Word for word, repeat the lines of the records from the first line up to and including the line that contains "Женские теплые зимние", passing over any pictures.

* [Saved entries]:
----
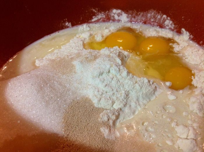 В миске смешать муку, сахар, дрожжи, теплое молоко и яйца. При помощи миксера,или руками. Тесто должно быть густым и мягким. Не крутым!!!!
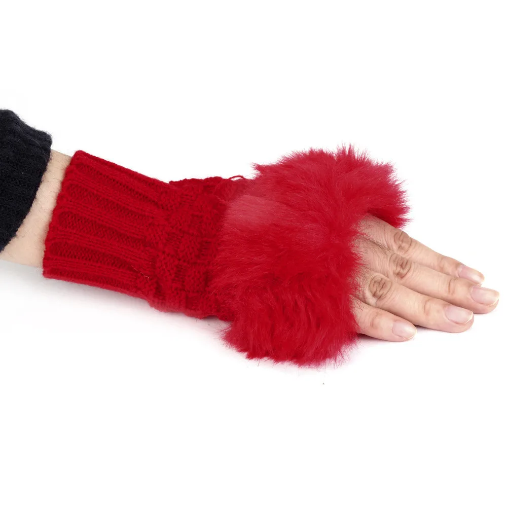 Женские теплые зимние перчатки из искусственного кроличьего меха, варежки без пальцев, удобные перчатки L50/1224
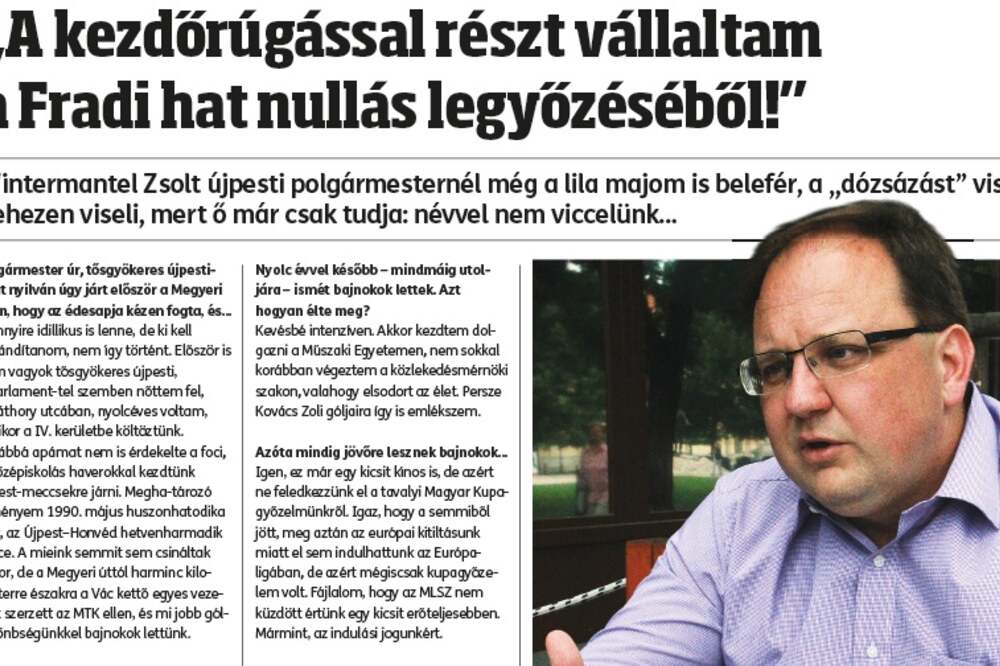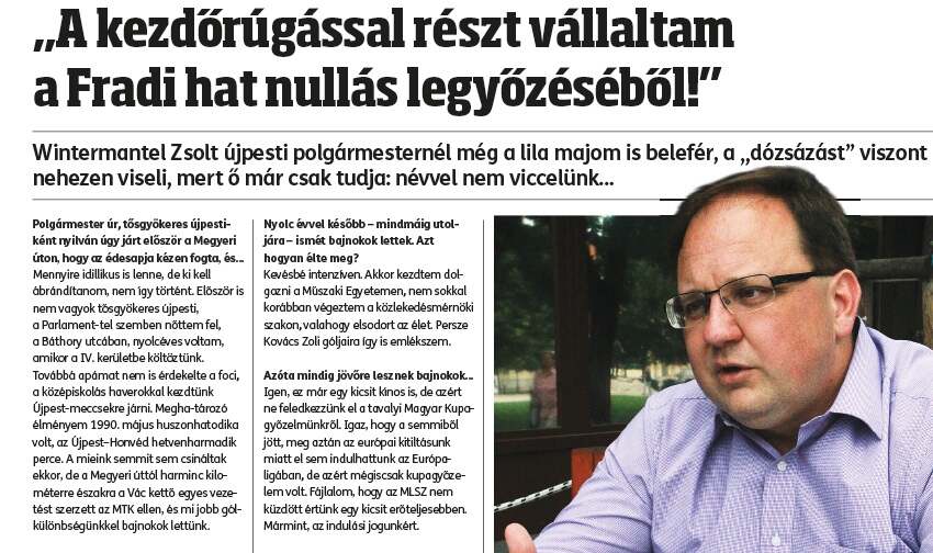Polgármester úr, tősgyökeres újpestiként nyilván úgy járt először a Megyeri úton, hogy az édesapja kézen fogta, és… Mennyire idillikus is lenne, de ki kellábrándítanom, nem így történt. Először is nem vagyok tősgyökeres újpesti, a Parlamenttel szemben nőttem fel, a Báthory utcában, nyolcéves voltam, amikor a IV. kerületbe költöztünk.Továbbá apámat nem is érdekelte a foci, a középiskolás haverokkal kezdtünk Újpest-meccsekre járni. Meghatározóélményem 1990. május huszonhatodika volt, az Újpest–Honvéd hetvenharmadik perce. A mieink semmit sem csináltakekkor, de a Megyeri úttól harminc kilométerre északra a Vác kettő egyes vezetést szerzett az MTK ellen, és mi jobb gólkülönbségünkkel bajnokok lettünk.
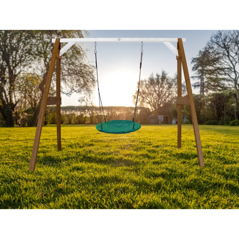 AXI Portique en Bois Marron Blanc avec Balancoire siege Nid Rond
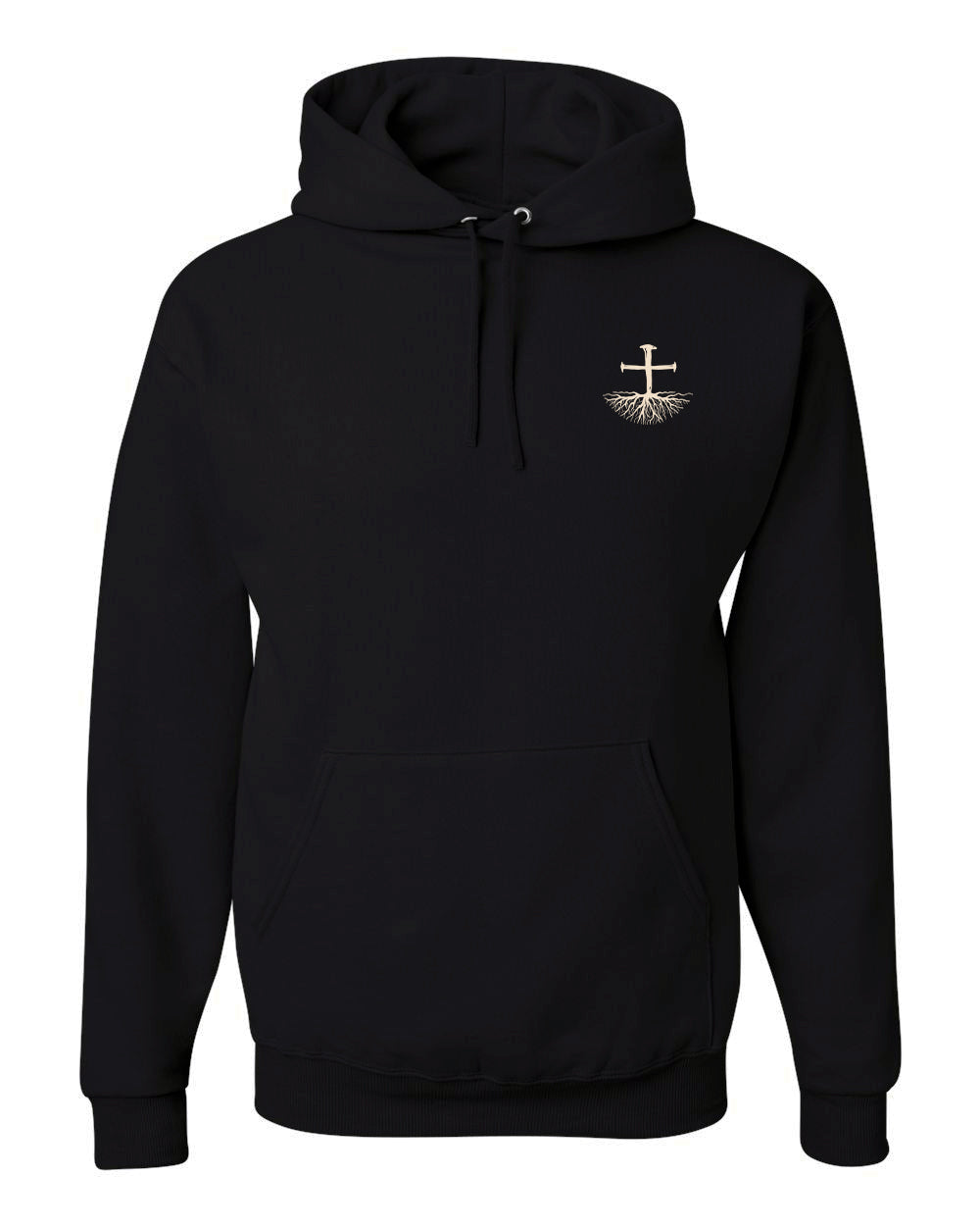 This is a Jerzees hoodie that combines classic style with soft fleece for lasting comfort. It is 8.0 oz., pre-shrunk, and material is 50/50 Cotton/Polyester. Has a tearaway label.
----
* [WRITTEN RESPONSE]:
 В миске смешать муку, сахар, дрожжи, теплое молоко и яйца. При помощи миксера,или руками. Тесто должно быть густым и мягким. Не крутым!!!!
 Женские теплые зимние перчатки из искусственного кроличьего меха, варежки без пальцев, удобные перчатки L50/1224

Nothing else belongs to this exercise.